Back in April 2011, Apple’s trade dress infringement claims against Samsung went like this:
- a rectangular product shape with all four corners uniformly rounded;
- the front surface of the product dominated by a screen surface with black borders;
- as to the iPhone and iPod touch products, substantial black borders above and below the screen having roughly equal width and narrower black borders on either side of the screen having roughly equal width;
- as to the iPad product, substantial black borders on all sides being roughly equal in width;
- a metallic surround framing the perimeter of the top surface;
- a display of a grid of colorful square icons with uniformly rounded corners; and
- a bottom row of square icons (the “Springboard”) set off from the other icons and that do not change as the other pages of the user interface are viewed.
That’s basically the list of things Samsung are not allowed to do. Each alone, those aren’t worthy of a lawsuit, but it is their combination that will send Apple into court against Samsung. The combination of those attributes got the Galaxy S and SII in court, so for the S III, looks like Samsung made the above list their “not to do” list. It’s like the entire phone design revolves around not pissing off Apple.
Why should Samsung care about what Apple thinks? Other than the legal issues, Apple is one of Samsung’s biggest customers.
Not for phones, but Apple is one of Samsung’s biggest components customers. Samsung makes all sorts of phone and tablet components: CPUs, RAM, flash memory, displays, and more, and Apple buys them
The iPhone 4, for example, is 25% from Samsung components. Apple sells a lot, so that means a lot of business for Samsung.
The iPhone/Galaxy battle is a win/win for Samsung, and they would like to keep it that way.
Let’s go over the design details and the ‘not to do’ list above and see what’s happening with the S3.
A rectangular product shape…
“A rectangle is a plane figure with four straight sides and four right angles.”
Putting the the GSIII inside a rectangle you will see that it is not totally one. Mainly referring to sides, corners in next section.

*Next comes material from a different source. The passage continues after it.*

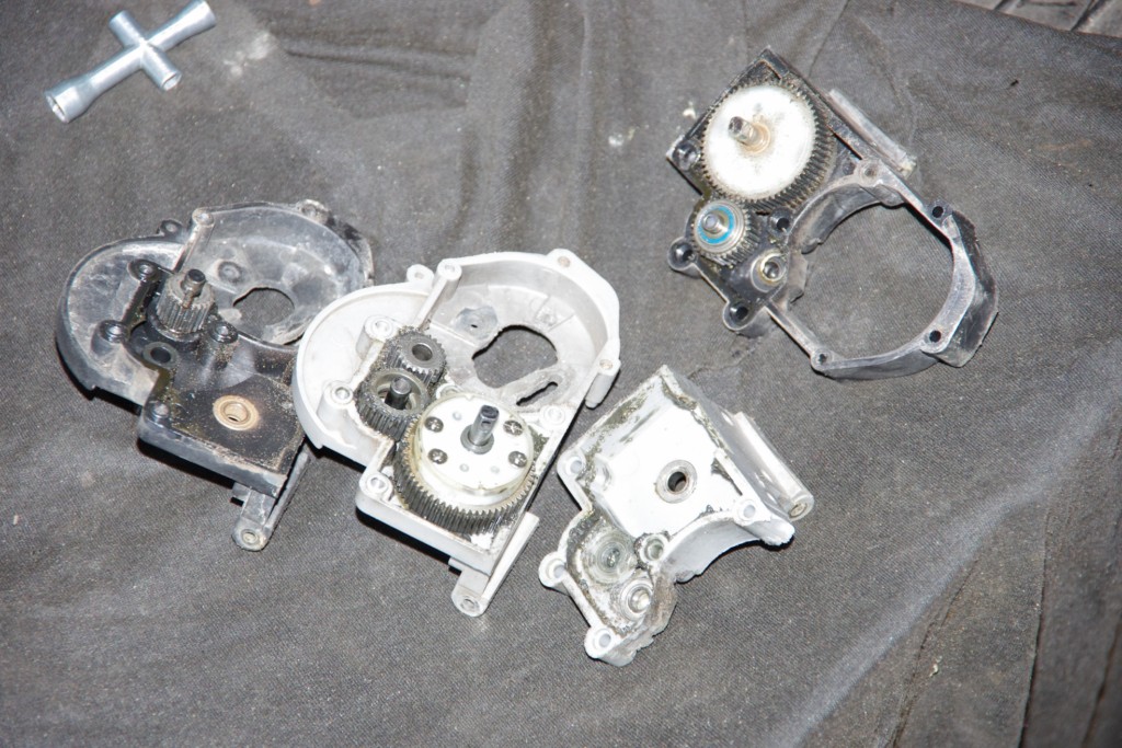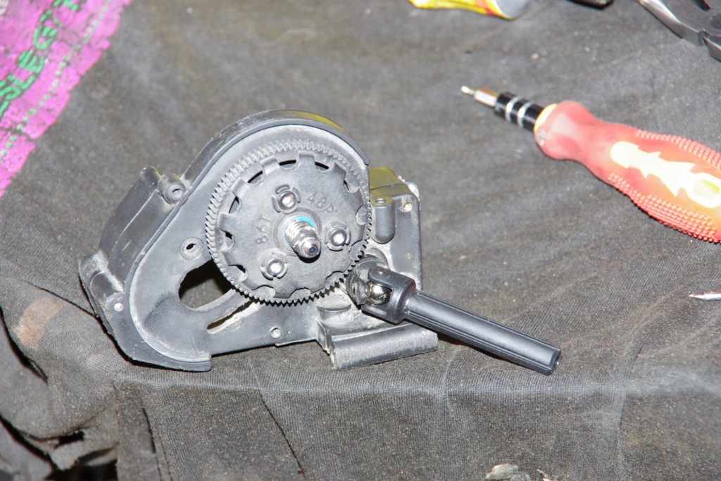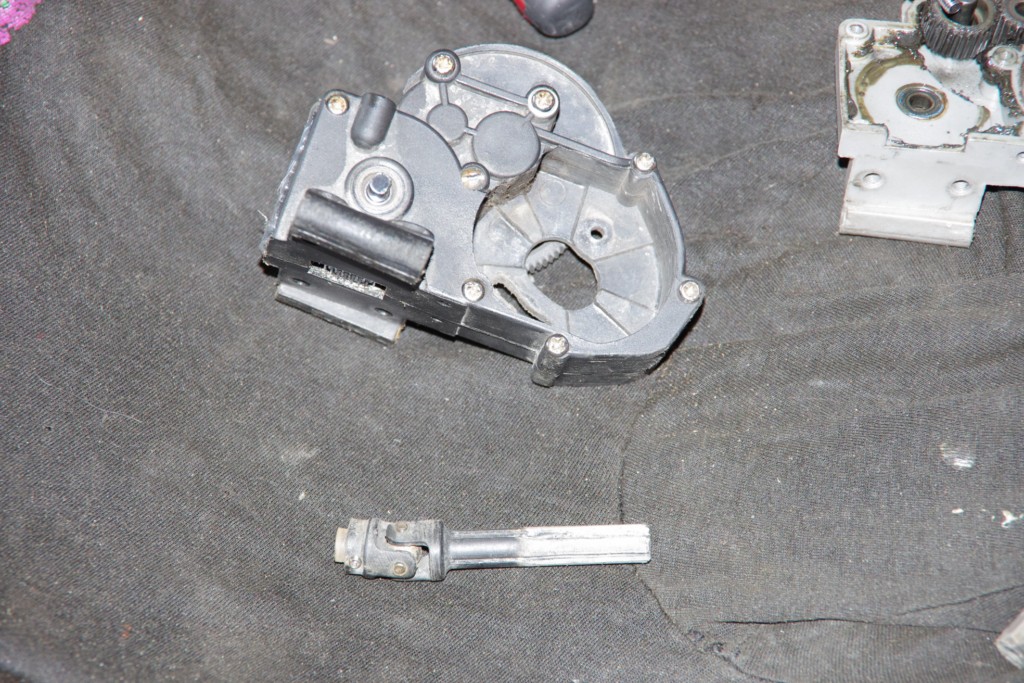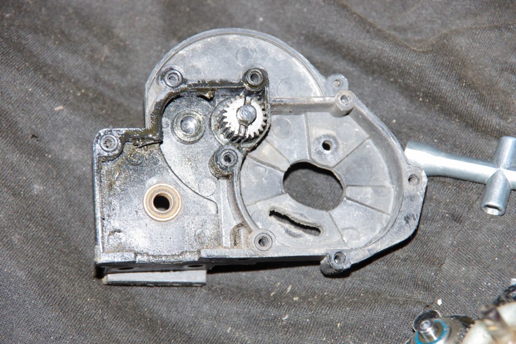 Mana visai bezkaunīgā attieksme pret orģinālo Titan T12 dzinēju darīja savu un matoriņa oglīšu suku saturošās atsperu plāksnes visai drīz nodega. Pat īss brīdis ar nobloķētiem riteņiem pie pilnas jaudas šito matorīti piebeidz. Tā viš' i'. Fiksi atradu līdzīgu oglīšu bloku no kompresora automašīnas riepu pumpēšanai. Brītiņu man jaunizveidotais dzinējs visai labi kalpoja, bet biju jau iegādājies Tamiyas vigli tjūnētu citu. Labs. Turpināju arī rotaļāties ar manis pārveidoto Titānu, līdz arī šim oglīšu atsperes sadega. Tad atradu kādu lēto Truck Puller zemo apgriezienu matorīti, kam atņēmu suku bloku, ko man ar dažām viltībām izdevās iemānīt Titāna dzinējā. Tā kā jaunizveidotā dzinēja rotors man konstruktīvu iemeslu dēļ nobīdījās pa asi par ~pusotru mm, maksimālais apgriezienu skaits matorītim pamatīgi palēcās, un ar 28 zobu dzinēja zobratu bez slodzes (rokās turēts) ar pilniem apgriezieniem riepas gandrīz sadriskā pa pieskari. Pagaidām uz šosejas nav sanācis izmēģināt, atbilstošas riepas arī vēl neesmu pasūtījis, bet domāju, ka ap 100 km/h vajadzētu skriet. Te kauko no šitā teksta arī ilustrēju: |

A rectangle needs to have parallel sides; the GSIII sides are not straight nor parallel.
The outmost part is about 1/3rd of the way down, with serious curves leading to the top and bottom. So it’s very much not a rectangle, or a rounded rectangle, or even horizontally symmetrical.
…with all four corners uniformly rounded;
Notice the difference in outlines between the top and bottom parts, so not uniform!
The front surface of the product dominated by a screen surface with black borders
Having a giant screen on the front is kind of unavoidable. The only colors available though, are white and dark blue. Neither of those colors are black. The lawyers can sleep easy.
Substantial black borders above and below the screen having roughly equal width
Apple’s use of “roughly” is really obnoxious, but, the top and bottom borders are not the same size by a good amount just for that. And they’re not black!
a metallic surround framing the perimeter of the top surface;
This is about the only thing that’s actually done from the list….but as mentioned earlier, it’s not any one item that will cause trouble, but the combination of them.
a display of a grid of colorful square icons with uniformly rounded corners
The Galaxy S(left) put colorful, square backgrounds around all of its icons. This was stopped with the SII, and the SIII as well.
a bottom row of square icons (the “Springboard”) set off from the other icons and that do not change as the other pages of the user interface are viewed.
On the Galaxy S I and II, (left and center, respectively) the dock stuck around when you entered the app drawer. On the SIII (right), the dock was removed. It’s there when you scroll through home screens, but it goes away when you enter the app drawer.
So the SIII seems like a 100% lawyer-approved phone before being design-approved. Will this less aesthetic phone cause less sales? maybe.
But it’s probably worth it for Samsung. This won’t piss off one of their biggest customers.